Last night, EPPE Members attended a talk from Prof. Daniel Muijs on the importance of an evidence-informed approach to education and inspection. Hosted by the University of Glasgow, What Works Scotland and the Robert Owen Centre for Education Change, the presentation focused on Prof. Muijs's work in the newly created role of Head of Research for OfSTED. For those who were not able to join us, here is an overview of the evening's discussion.


Prof. Muijs began by making the case for an evidence-informed approach. Highlighting the moral duty of education professionals to act on the basis of evidence to improve the education experiences and outcomes of students, Prof. Muijs was quick to emphasise the social justice implications of an ineffective education system for those pupils that depend on it the most. The problem he said, is that the majority of evidence that we have is too technical, too expensive to access and there's too much of it. Most educators are not in a position to purchase, filter and interpret evidence from academic sources due to time and resource constraints. This, Prof. Muijs argues, is where intermediaries become crucial. Acting as trusted translators of academic research, organisations and individuals that process and publish research in manageable and accessible formats are a vital element of the evidence ecology.

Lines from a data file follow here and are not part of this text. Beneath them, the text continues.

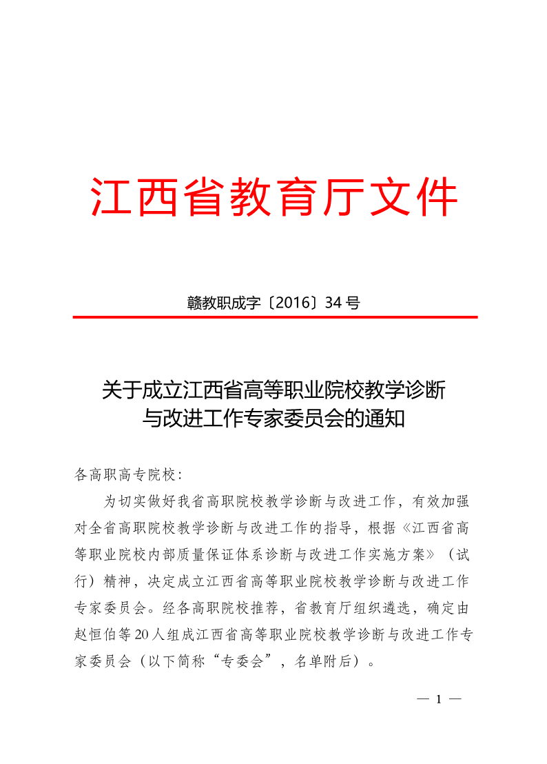 赣教职成字【2016】34号 关于成立江西省高等职业院校教学诊断与改进工作专家委员会的通知 来源: 发布时间:2019-08-13 15:44:04 浏览次数: 次 【字体:小 大】 终审:质量办 分享到: 【打印正文】
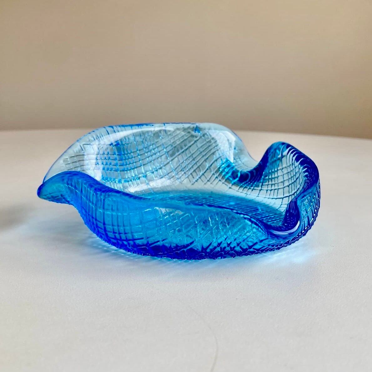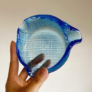 透き通るブルーに、カッティングによるチェック模様。ガラス工芸としての美しさも存分に楽しませてくれます。
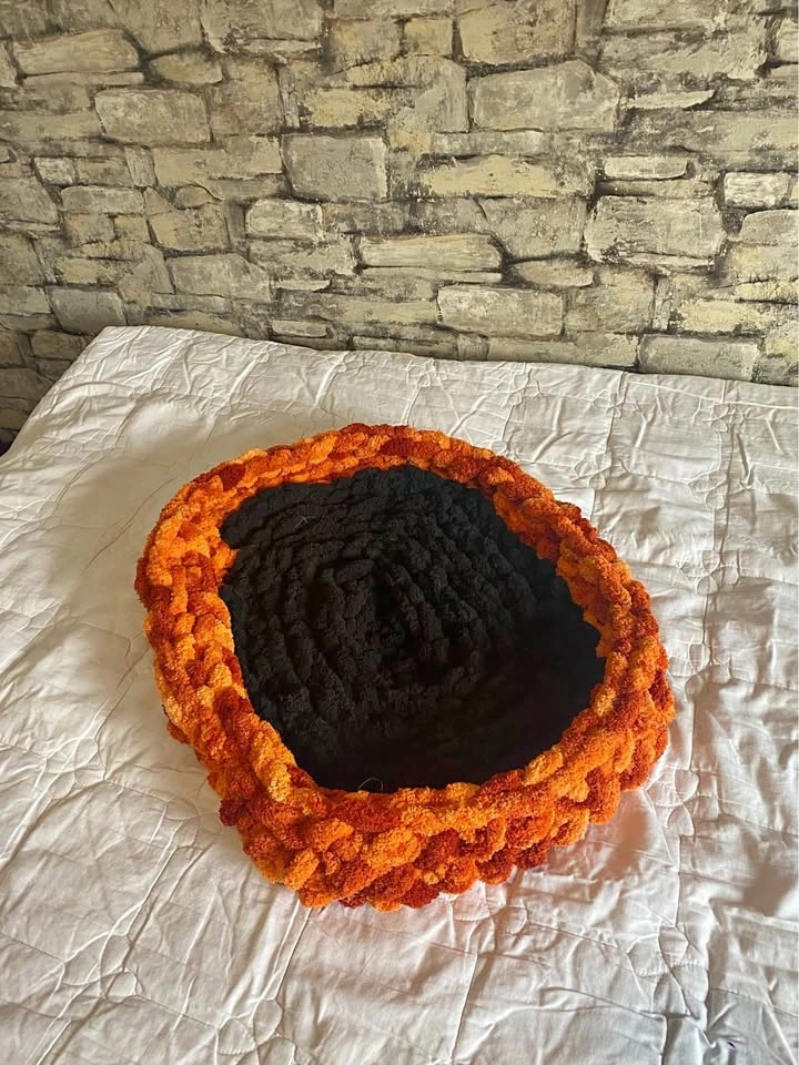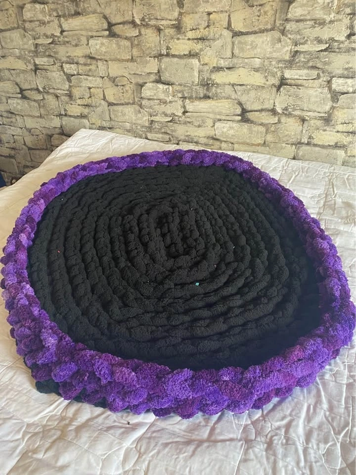 Cozy and stylish pet beds made from Bernat Blanket Big Yarn by Yarnspirations! Small (20 x 15) in black and orange for $35. Medium (20 x 25) in teal and gray for $55. Large (25 x 30) in purple and black for $75.
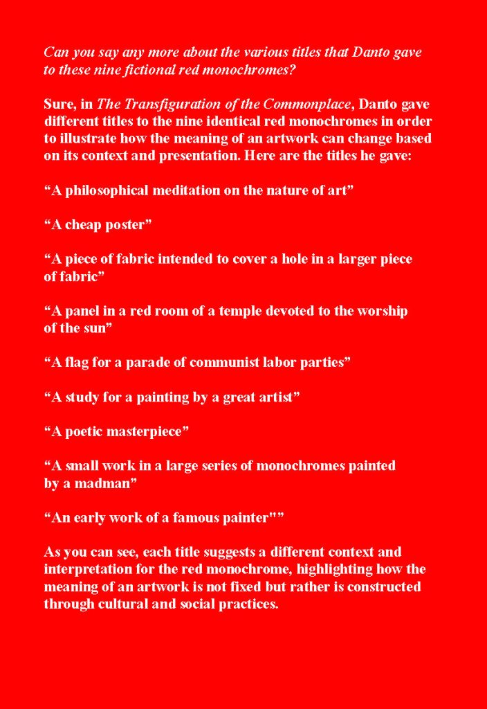 In this new project, nine red monochromes made of handmade paper are accompanied by nine panels of text printed in ink jet on PVC. Each paper monochrome is paired with a text panel that is a transcription of a Q&A between the artists and the Artificial Intelligence (AI) program, ChatGPT-4. The initial question posed to the AI program asks it to explain, in simple terms, Arthur Danto’s famous thought experiment involving an exhibition of nine identical red monochromes. (Danto began with seven red monochromes, then introduced a couple more, just to complicate matters.) In Danto’s original account of the thought experiment, which may be found in his book The Transfiguration of the Commonplace: A Philosophy of Art (1981), each of the red monochromes is paired with a title or a description. Keep in mind that Danto’s original titles for the monochromes differ completely from those that ChatGPT-4 generated. A computer scientist partial to applying anthropomorphic metaphors to AI might say that ChatGPT-4 had “hallucinated” the titles.
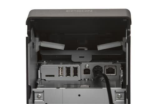 Epson TM-m30II-S (012): USB + Ethernet + BT + NES + Lightning + SD, Black, PS, EU. Technologie d'impression: Thermique directe, Type: Imprimantes POS, Résolution maximale: 203 x 203 DPI. Diamètre max. du rouleau: 8,3 cm, Largeur de papier supportée: 58 mm - 80 mm (Breite), Largeur maximum d'impression: 8 cm. Technologie de connectivité: Avec fil, Connecteur USB: USB Type-A / USB Type-B. Cartes mémoire compatibles: MicroSD (TransFlash), Niveau de pression sonore (impression): 55 dB, Temps moyen entre pannes: 360000 h. Couleur du produit: Blanc
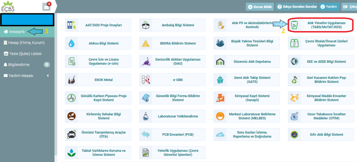 Anasayfa üzerine gelindikten sonra Atık Yönetim Uygulaması (TABS/MoTAT/KDS) seçilir.
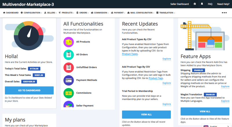 • Webkul Marketplace App is unstable according to user reviews and my own experience – their demo’s admin panel didn’t work.
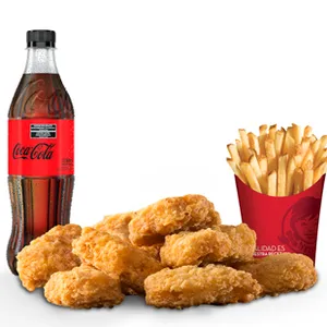 10 nuggets de pollo crujientes con acompañamiento mediano y bebida.
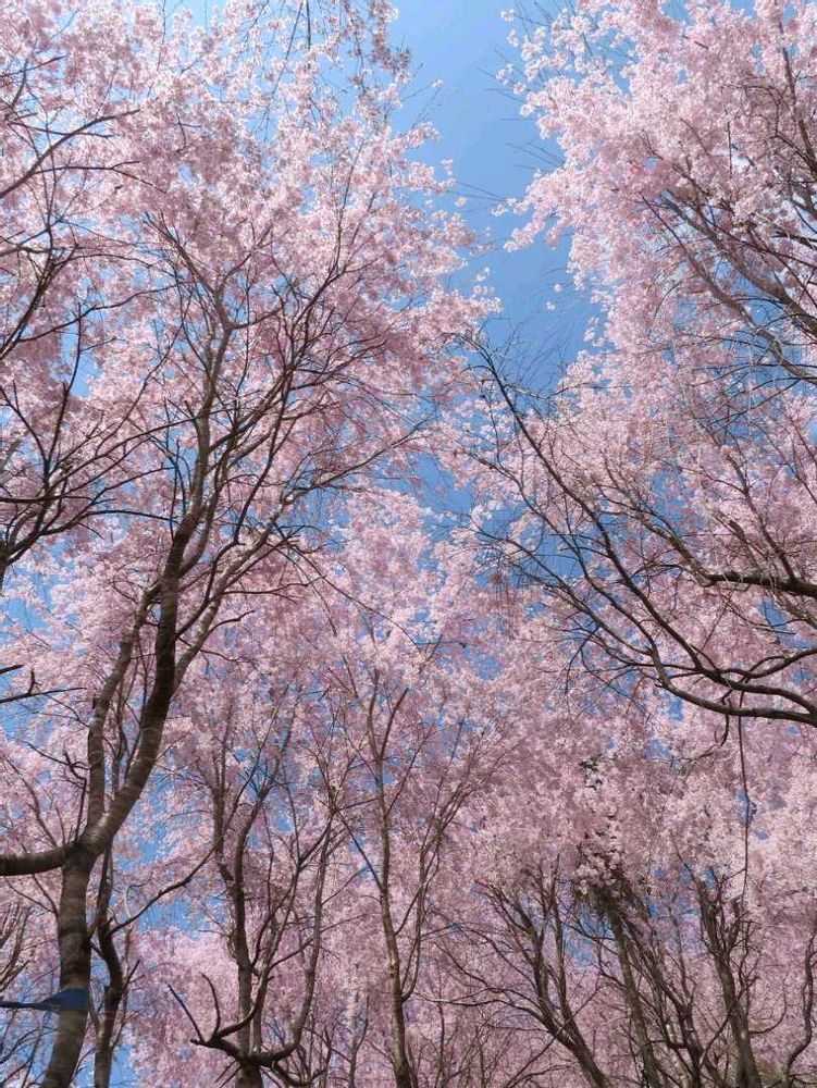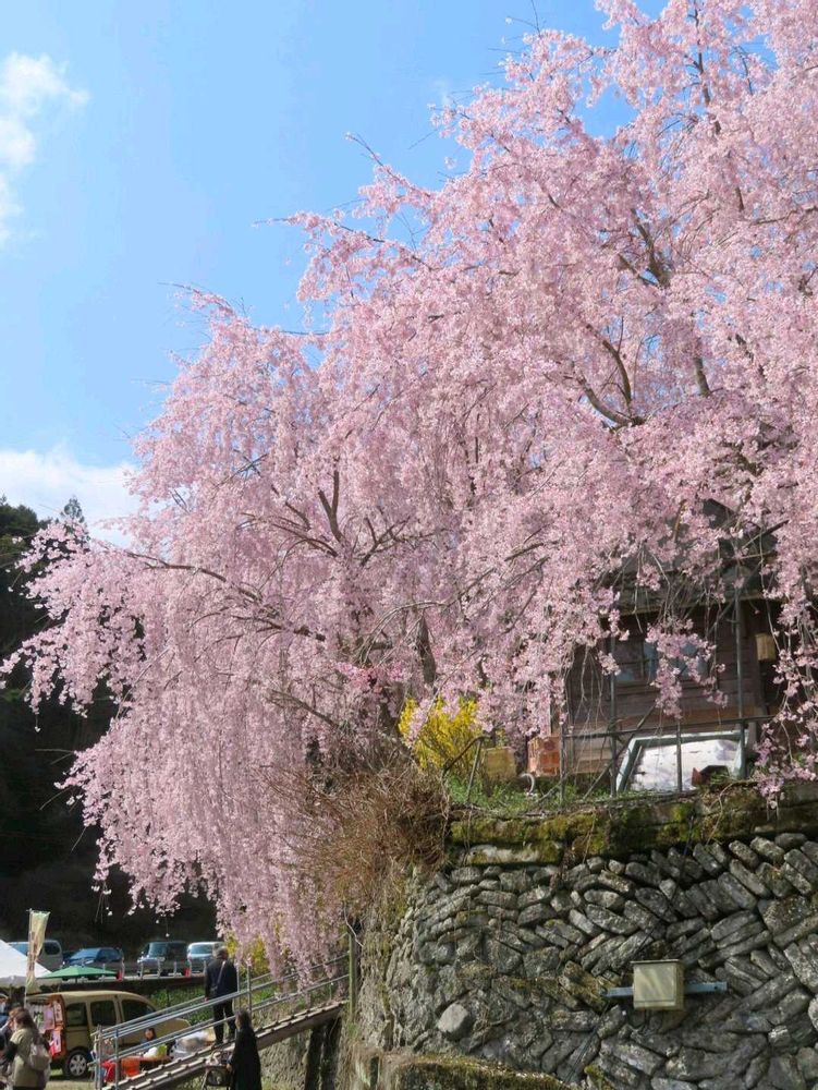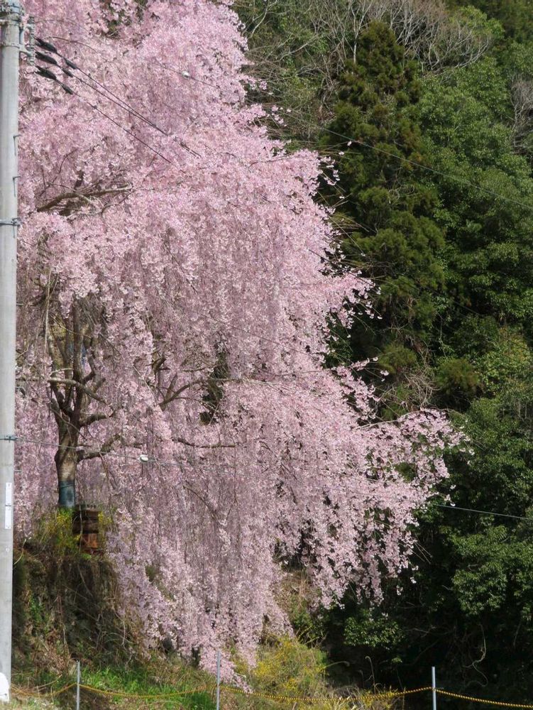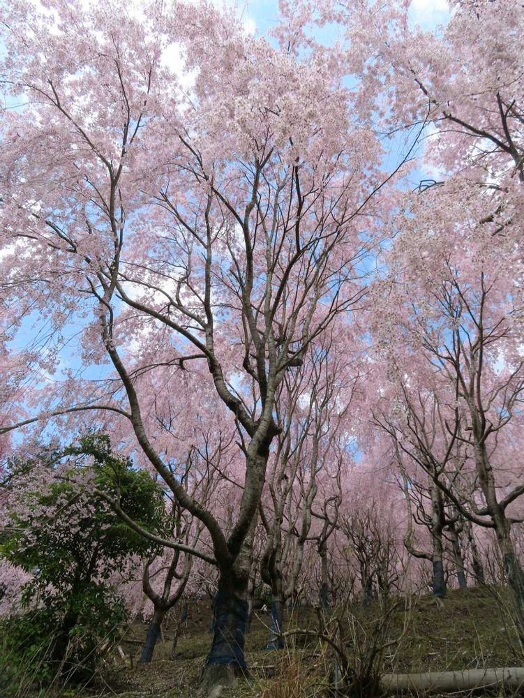 山の斜面に植えられた約300本のしだれ桜が満開で素晴らしかったです。

Nonetheless, the onus to adopt an evidence-informed approach cannot rest solely with practitioners. Policy and inspection systems must also make use of the research at their disposal to maximise the effectiveness of interventions says Prof. Muijs. As a result, OfSTED is conducting a number if its own research projects that both gather original data and synthesise existing literature in the field. The intention is to create an 'intelligent' inspection framework, able to produce change directly through feedback and consequences for schools and colleges, while also indirectly influencing stakeholder activities and setting expectations. Ultimately, this is intended to help develop an evidence-informed approach to education more broadly. Prof. Muijs was nonetheless clear in acknowledging the limitations of an evidence-informed approach. Political and resource constraints, along with the continuing subjectivity of judgements involved in inspection remain significant, he argued.


Throughout the event and particularly in audience questions, there was much discussion of the high-stakes nature of English school inspection and the impact this can have on the reliability of data collected in schools, as well as curriculum and teaching methods. Prof. Muijs stated that OfSTED is increasingly looking at lessons as part of a curricular whole in order to minimise this impact, having abolished individual lesson grading. Nonetheless, questions remained about the ability of an evidence-informed approach to be fully effective in a context where consequences of a poor inspection are so drastic for schools, staff and pupils.



Prof. Muijs finished his presentation with three questions for the audience. If any of our members have suggestions or comments on the following topics, we encourage you to contact Prof. Muijs via Twitter.


1. What have Glasgow schools done to tackle knife crime so effectively?

2. What methods are used to inspect curriculum in Scotland?

3. How has Scotland managed to maintain such low expulsion rates in its schools?